> GIVEN DATA:
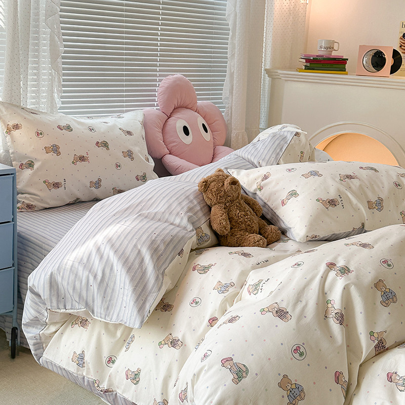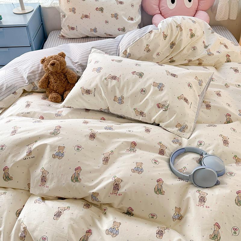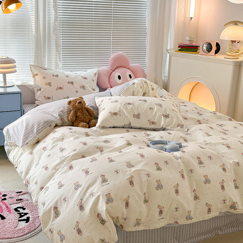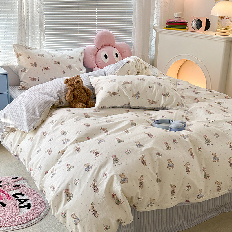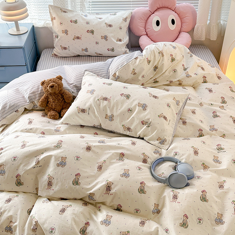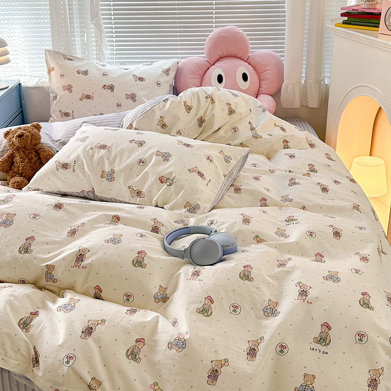 昔可 2023新款全棉卡通狗狗四件套 小熊日记
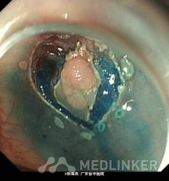 随访:出院后患者每年复查肠镜,未见复发。 讨论:结直肠癌大多起源于结直肠早癌及腺瘤等癌前病变,若在发展到浸润 癌之前发现并予以切除,即可取得预防或根治效果。随着内镜技术的发展,尤其是EMR/ESD技术的不断成熟,从早期诊断到治疗及预后,与传统开腹手术相比优点突出,但要严格把握其适应症,由于技术难度大,出血、穿孔等是常见并发症。EMR/ESD是经济、安全、可靠的治疗结直肠早癌及癌前病变的方法。
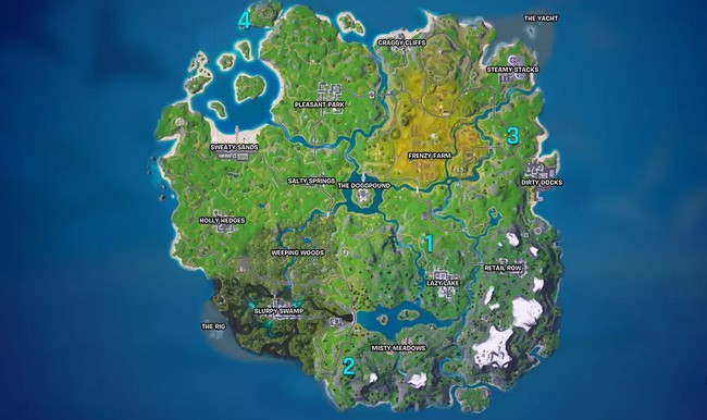 Pour vous faciliter la tâche, une carte a été créée pour illustrer les quatre emplacements des enregistrements audio dans Fortnite Remix. Utilisez-la pour optimiser votre recherche et compléter ce défi rapidement.
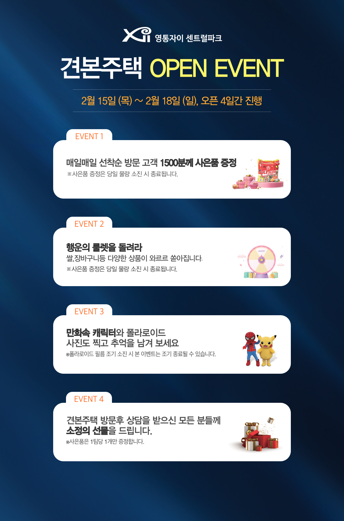 앞서 말씀드린 영통자이 센트럴파크 모델하우스 오픈기념 이벤트는 아래 내용을 참고해 주시면 되는데요. 총 4가지의 이벤트를 진행하고 있으니, 모델하우스 구경도 하고, 상품도 받아오시면 될 것 같습니다.
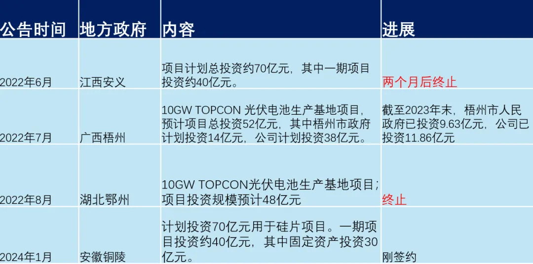 公司在铜陵的5GW N型高效电池片主厂房钢结构完成20%、土建工作完成 35%。 总之,行业不回暖,这两个项目都可以慢慢建,即使建成了也先不着急投产。沐邦高科这样一个审时度势、看菜下饭的合作伙伴,符合一道新能攻城拔寨式的经营风格吗?
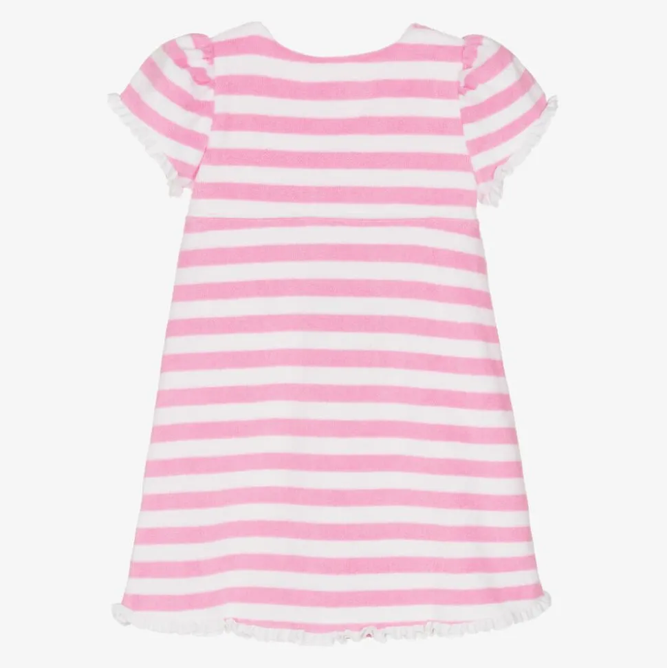 Girls pink and white striped cotton dress by Mitty James, exclusive to Childrensalon. Ideal for wearing on either the beach or pool, it is made in soft, absorbent towelling with a smooth reverse side. The pretty puffed sleeves and hemline have frilly white trims.
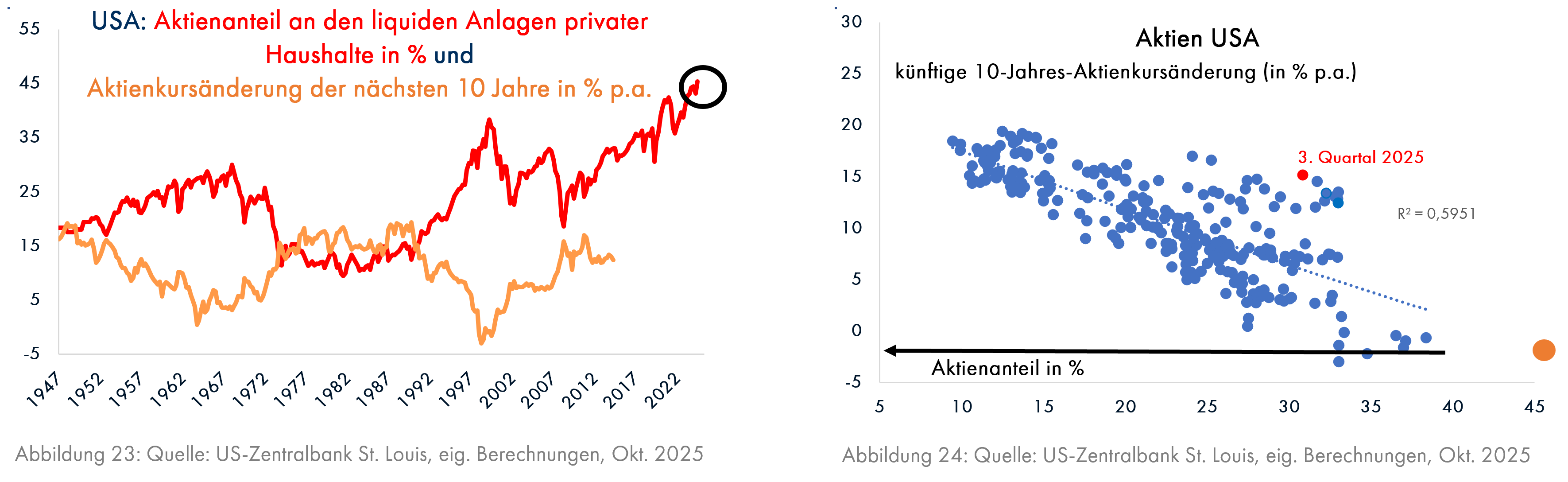 Zusammenfassend zeigt sich die aktuelle Euphorie an der rekordhohen Aktienquote der amerikanischen Privathaushalte, die seit 1947 von der US-Zentralbank gemessen wird (Grafik 23). Zu einer solchen Aktienquote passen negative Ertragserwartungen (Grafik 24), weil es kaum noch jemanden gibt, der noch keine Aktien hat; die Zahl der künftigen potenziellen Käufer ist also besonders klein. Im Jahr 1989 hatten 29% der amerikanischen Durchschnittsverdiener Aktien, im Jahr 2022 waren es 60% (Quelle: The Economist, 11. Okt. 2025). Wenn jetzt die Aktienkurse fallen sollten, schlägt der „Wealth Effect“ zu, eine weithin übersehene Gefahr.
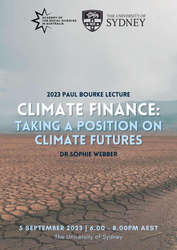 Climate finance: taking a position on climate futures Dr Sophie Webber 2023 Paul Bourke Award Lecture Date: Tuesday 5 September 2023 Time: 6pm – 8pm Venue: The University of Sydney
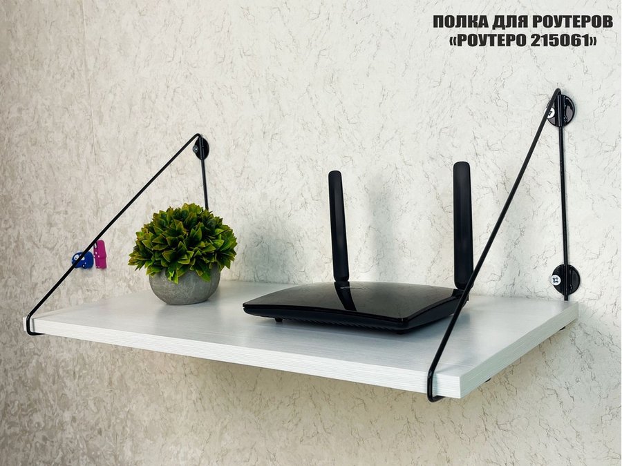 - Полка надежно крепится к стене при помощи анкеров или шурупов с дюбелями, на ней можно разместить роутер

> REQUIRED ACTION: What you return should match the records line for line, minus the pictures.

> COMPLETED EXERCISE:
 昔可 2023新款全棉卡通狗狗四件套 小熊日记
 随访:出院后患者每年复查肠镜,未见复发。 讨论:结直肠癌大多起源于结直肠早癌及腺瘤等癌前病变,若在发展到浸润 癌之前发现并予以切除,即可取得预防或根治效果。随着内镜技术的发展,尤其是EMR/ESD技术的不断成熟,从早期诊断到治疗及预后,与传统开腹手术相比优点突出,但要严格把握其适应症,由于技术难度大,出血、穿孔等是常见并发症。EMR/ESD是经济、安全、可靠的治疗结直肠早癌及癌前病变的方法。
 Pour vous faciliter la tâche, une carte a été créée pour illustrer les quatre emplacements des enregistrements audio dans Fortnite Remix. Utilisez-la pour optimiser votre recherche et compléter ce défi rapidement.
 앞서 말씀드린 영통자이 센트럴파크 모델하우스 오픈기념 이벤트는 아래 내용을 참고해 주시면 되는데요. 총 4가지의 이벤트를 진행하고 있으니, 모델하우스 구경도 하고, 상품도 받아오시면 될 것 같습니다.
 公司在铜陵的5GW N型高效电池片主厂房钢结构完成20%、土建工作完成 35%。 总之,行业不回暖,这两个项目都可以慢慢建,即使建成了也先不着急投产。沐邦高科这样一个审时度势、看菜下饭的合作伙伴,符合一道新能攻城拔寨式的经营风格吗?
 Girls pink and white striped cotton dress by Mitty James, exclusive to Childrensalon. Ideal for wearing on either the beach or pool, it is made in soft, absorbent towelling with a smooth reverse side. The pretty puffed sleeves and hemline have frilly white trims.
 Zusammenfassend zeigt sich die aktuelle Euphorie an der rekordhohen Aktienquote der amerikanischen Privathaushalte, die seit 1947 von der US-Zentralbank gemessen wird (Grafik 23). Zu einer solchen Aktienquote passen negative Ertragserwartungen (Grafik 24), weil es kaum noch jemanden gibt, der noch keine Aktien hat; die Zahl der künftigen potenziellen Käufer ist also besonders klein. Im Jahr 1989 hatten 29% der amerikanischen Durchschnittsverdiener Aktien, im Jahr 2022 waren es 60% (Quelle: The Economist, 11. Okt. 2025). Wenn jetzt die Aktienkurse fallen sollten, schlägt der „Wealth Effect“ zu, eine weithin übersehene Gefahr.
 Climate finance: taking a position on climate futures Dr Sophie Webber 2023 Paul Bourke Award Lecture Date: Tuesday 5 September 2023 Time: 6pm – 8pm Venue: The University of Sydney
 - Полка надежно крепится к стене при помощи анкеров или шурупов с дюбелями, на ней можно разместить роутер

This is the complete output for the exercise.